Thursday, September 5, 2013

A Spike Lee Must-See

The documentary is a high point in the career of filmmaker Spike Lee.  It didn't get nearly the entertainment press attention it deserved when released.  This month, we come up to the 50th anniversary of a tragic day in our American civil rights era.
Last month, our nation commemorated the 50th anniversary of the March on Washington and Dr. Martin Luther King's "I have a dream" speech.  1963 was one of the most turbulent, most emotionally paralyzing and yet one of the most hopeful years in that entire decade.  Like Charles Dickens wrote in the opening paragraph of A Tale of Two Cities:  "...it was the season of Light, it was the season of Darkness..."



The Light was Dr. King's March on Washington in August.  We needed that.



On each side of that Light was Darkness.  In June 1963, civil rights activist Medgar Evers was shot and killed.  That's his widow and child on the cover of Life magazine.  In November 1963, America would be shocked and numb with grief at the news bulletin that President John F. Kennedy had been shot and killed in Dallas, Texas.


There's Mrs. Kennedy and their children on the cover of Life magazine.

Before President Kennedy's assassination and after the March on Washington, the death of 4 little girls in a racial hate crime would make international headlines.  A church was bombed in Birmingham, Alabama.  The blast would claim the lives of these four girls.
In his documentary, 4 Little Girls, Spike Lee reminds us of the crime that happened on September 15th, why it happened and what happened afterwards.  He introduces us to relatives of the deceased.  We see images that we'd not seen before and we learn new details about this dark day in American history.  It is a powerful, gripping documentary.  I attended a press screening and, when it ended, we could not just get up and leave.  It had such a deep impact that many of us had to sit a while and collect ourselves.


When movies are about to open, there are press events called junkets.  Entertainment reporters are invited to interview the stars and other folks involved in the making of a movie.  These junkets are usually on weekends in a big city hotel and have nice, juicy movie studio budgets for marketing and promotion.

It was obvious that Spike's production didn't have the luxury of a big publicity budget.  His budget was modest.  But this production was a documentary, not a big entertainment feature boasting top movie stars.  It was educational.

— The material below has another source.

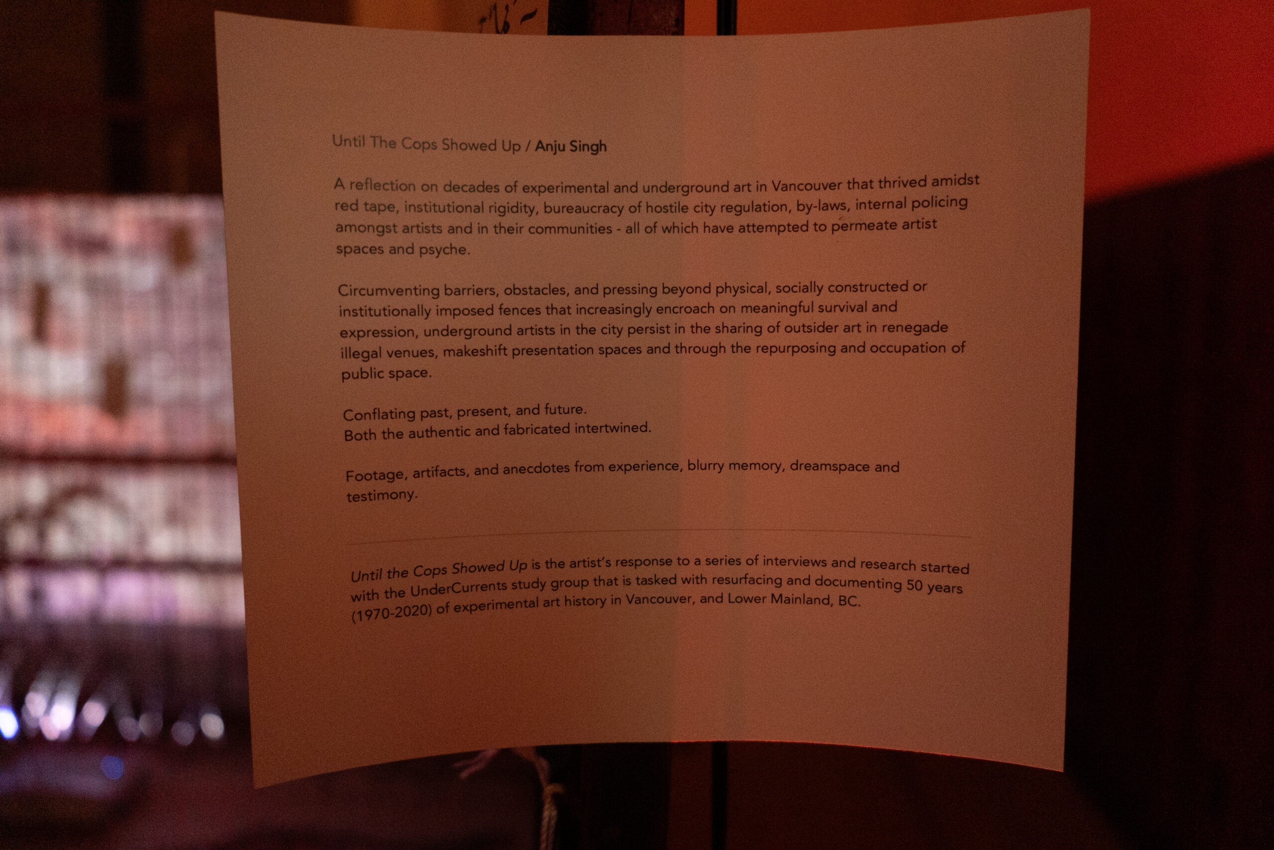 Until the Cops Showed Up is the artist’s response to a series of interviews and research started with the UnderCurrents study group presented by Currently Arts Society that is tasked with resurfacing and documenting 50 years (1970-2020) of experimental art history in Vancouver and the Lower Mainland, BC.

I was a regular on Fox 5's Good Day New York at the time.  If you looked at the format of the local morning news program like the casting of a Hollywood movie, I was the comic sidekick -- like an Oscar Levant or a Bill Murray in Tootsie.  I was assigned to provide laughs.  I did embrace and appreciate the opportunity to do something serious once in a while.  I had the opportunity to interview Spike Lee and the father of one of the murdered girls.  This was significant to me because I was a youngster when this evil act was committed.  I was alive when this history took place.

I had the feature edited and completed a week before its airdate.  Unfortunately, it got no promotion ahead of time.  That hurt because our show had a large minority audience.  I watched the half-minute Good Day New York promo on WNYW/Channel 5 that aired the day before the show.  No video of Spike Lee, no mention of our interview "coming up tomorrow."  If I recall correctly, supermarket shopping tips and info on how to fight cholesterol got promoted.

Here, from 1997, is my short feature on the Spike Lee documentary, 4 Little Girls.


If you have never seen this documentary, I urge you to rent the DVD.  4 Little Girls is an unforgettable piece of work.  I still wish that Good Day New York viewers had been told my interview was coming up in the last half-hour of the show.

I wanted them to know about this riveting and  important Spike Lee production.  4 Little Girls earned the filmmaker an Oscar nomination for Best Documentary.